News / Profession

New Study Questions Use of MRIs

Are they Responsible for Increased Surgery?
Editorial Staff

MRI is commonly used as a diagnostic tool, but experts have questioned whether the findings necessarily relate to patient complaints. A study recently released in the New England Journal of Medicine,1 "Magnetic Resonance Imaging of the Lumbar Spine in People without Back Pain," examines that question.

The study did MIRs on 98 asymptomatic people and discovered a high prevalence of bulges, protrusions, and extrusions:

"With the results of the two readings averaged, 52 percent of people without symptoms had a bulge at at least one intervertebral disk, 27 percent had a protrusion, and one percent had an extrusion. Thus, 64 percent of these people without back pain had an intervertebral disk abnormality, and 38 percent had an abnormality at more than one level."
In an editorial in the same issue of the New England Journal, well-known researcher Richard A. Deyo, MD, MPH, made these comments:
"The recent increase in the rates of lumbar-spine surgery (laminectomies, diskectomies, and fusions) may be related in part to the availability of new imaging techniques.2 Lumbar surgery is most commonly performed after a herniated intervertebral disk has been diagnosed, often by imaging of the spine. Although surgery relieves pain in carefully selected patients with herniated disks, most patients improve without an operation. Studies suggest that imaging studies only weakly predict either the need for surgery or its outcome.3

"We should regard MRI and other advanced procedures for imaging the lumbar spine as tests for preoperative evaluation, which should be reserved for patients who are candidates for surgery on purely clinical grounds. Thus, imaging should be reserved for patients who have signs and symptoms of radiculopathy and who do not have a response to conservative treatment over a period of four to six weeks.

Dr. W.P. Butt, of the department of diagnostic radiology at St. James's University Hospital, recently made these comments in the British Journal of Rheumatology:4
"There is very little, if any, justification for MRI scanning in patients with mechanical back pain unless surgery is planned. I know that pretty pictures will be obtained and all sorts of pathological appearances found, but abnormalities are so common in normal asymptomatic individuals of the same age and sex that it is not acceptable to infer than an abnormality is, of itself, significant.

"Another unfortunate effect of MRI in mechanical back pain results from our gullibility to 'scientific' evidence. We seem to respect an image produced by a computer much more than we respect a shadow. Surgeons who have long since learned not to treat x-rays with surgery will still use surgery to treat a scan.

"Recently, the president of the Academic Orthopaedic Association of the United States stated in his presidential address that 95 per cent of spine surgery for back pain was inappropriate.5 I do not wish to enter into a discussion whether his figures were precise or not, but only to point out that everyone of the patients inappropriately operated had pre-operative imaging which was misleading."

The chiropractic practitioner would be wise to recognize the short comings of advanced imaging as compared to good, old-fashioned, clinical findings. DCs should caution patients against diving head first into back surgery based upon these studies.

Conservative care continues to be reinforced as the first path of treatment before most other forms of treatment.

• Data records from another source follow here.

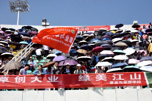 院长呼天明和党总支副书记兼副院长阮鹏为运动员加油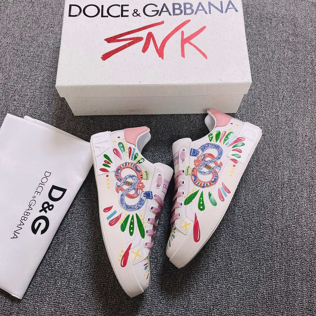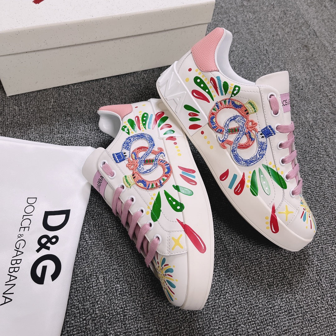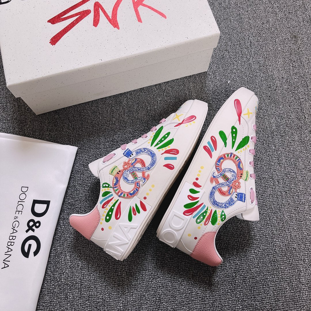 DC Portofino Limited Edition Sneakers Pink Snake Embroidery & Sheepskin 288470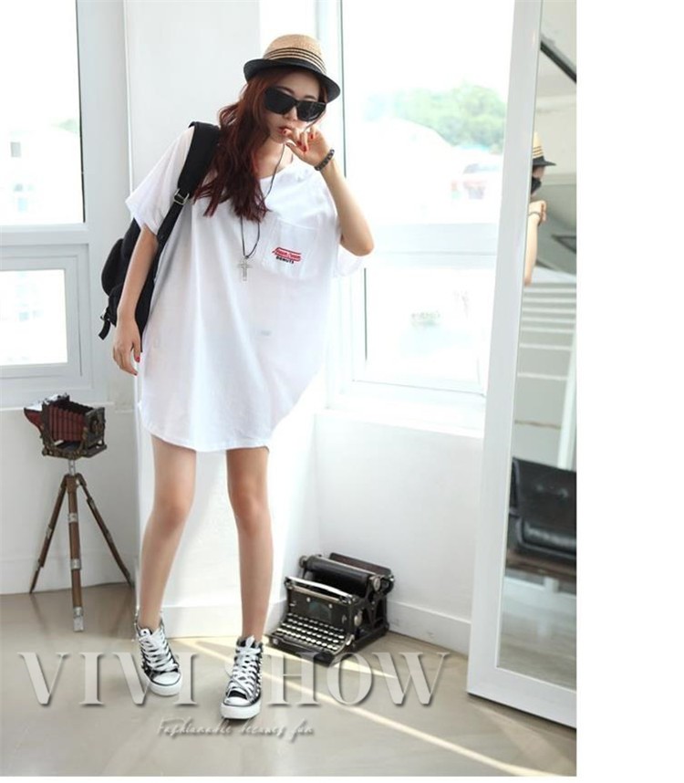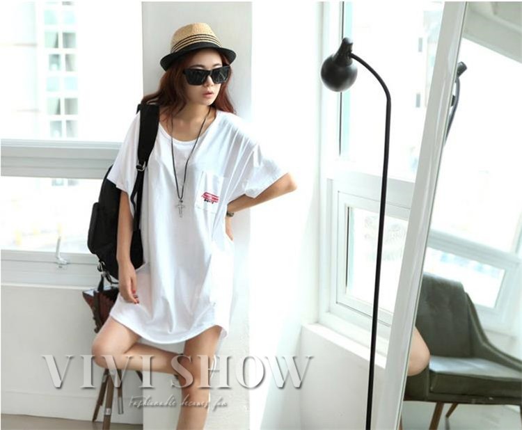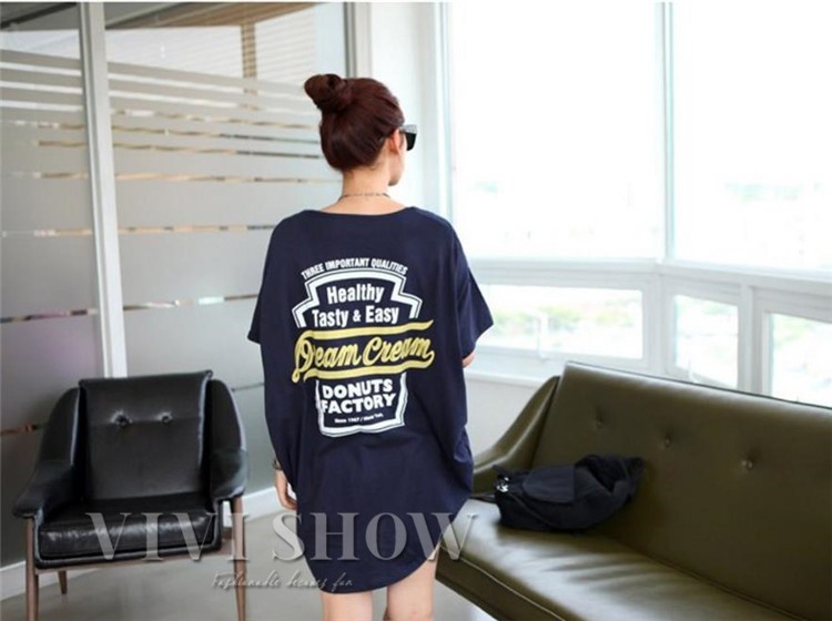 バックプリント入りTシャツワンピース。てっろっとしたシルエット感が、体系カバーはもちろん華奢見せ効果バツグン♪スタイリッシュなプリントでクールにかっこよく!活発な元気な女の子な印象をあたえてくれます★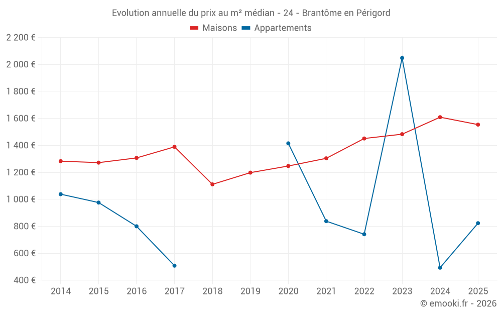 Le prix médian sur les 36 transactions de maisons des 12 derniers mois dans la commune de Brantôme en Périgord était de 1 572 € par mètre carré pour une valeur foncière médiane de 151 260 €. Sur cette période 60% des transactions se sont situées entre 1 081 et 1 923 € par mètre carré (du 2ème au 8ème déciles).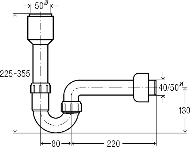 Syfon rurowy przeznaczenie: zlewozmywak lub pisuar bez uformowanego syfonu, tworzywo sztuczne, nr wzoru 7985.94 DN1: 50 DN2: 50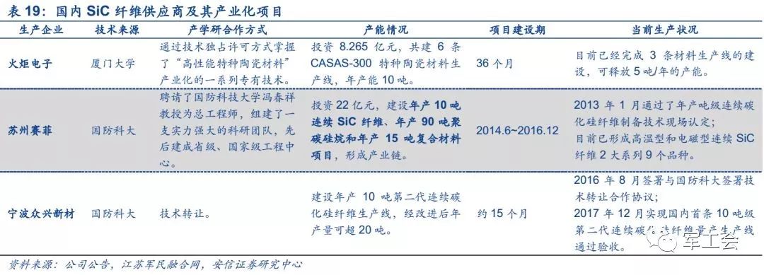 国内CMC材料制备商:西安鑫垚陶瓷复合材料有限公司、西安超码科技有限公司、中航复合材料有限责任公司等多家公司公司均有CMC相关业务。根据张立同院士2006年在第十四届全国复合材料学术会议上的论文中的表述“我国已经打破国际封锁,自主攻克了碳化硅陶瓷基复合材料构件批量制造技术,但是由于缺少高性能SiC纤维,目前只能用碳纤维代替”判断,碳化硅纤维的量产将直接推动相关CMC材料的量产,进而推动我国碳化硅陶瓷基复合材料的大量应用。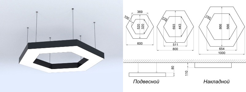 HEXAGON I D1000.05-95W; накладной

Surgeons and other medical specialists would be well advised to refer their patients for chiropractic care before spine surgery on a herniation that may be coincidental to the patient's problem.

References

  1. Jensen MC, Brant-Zawadzki MN, Obuchowski N, Modic MT, Malkasian D, Ross JS. Magnetic resonance imaging of the lumbar spine in people without back pain. N Engl J Med 1994;331:69-73.

     

  2. Taylor VM, Deyo RA, Cherkin DC, Kreuter W. Low back pain hospitalization: recent U.S. trends and regional variations. Spine 1994;19:1207-12.

     

  3. Enzmann DR. On low back pain, AJNR Am J Neuroradiol 1994;15:109-13.

     

  4. Butt WP. Magetic Resonance Imaging of the Spine. Br J Rheumatol 1994;33:793-797.

     

  5. Radin EL. Whither academic orthopaedic integrity? Othopaedics 1993;16:267-9.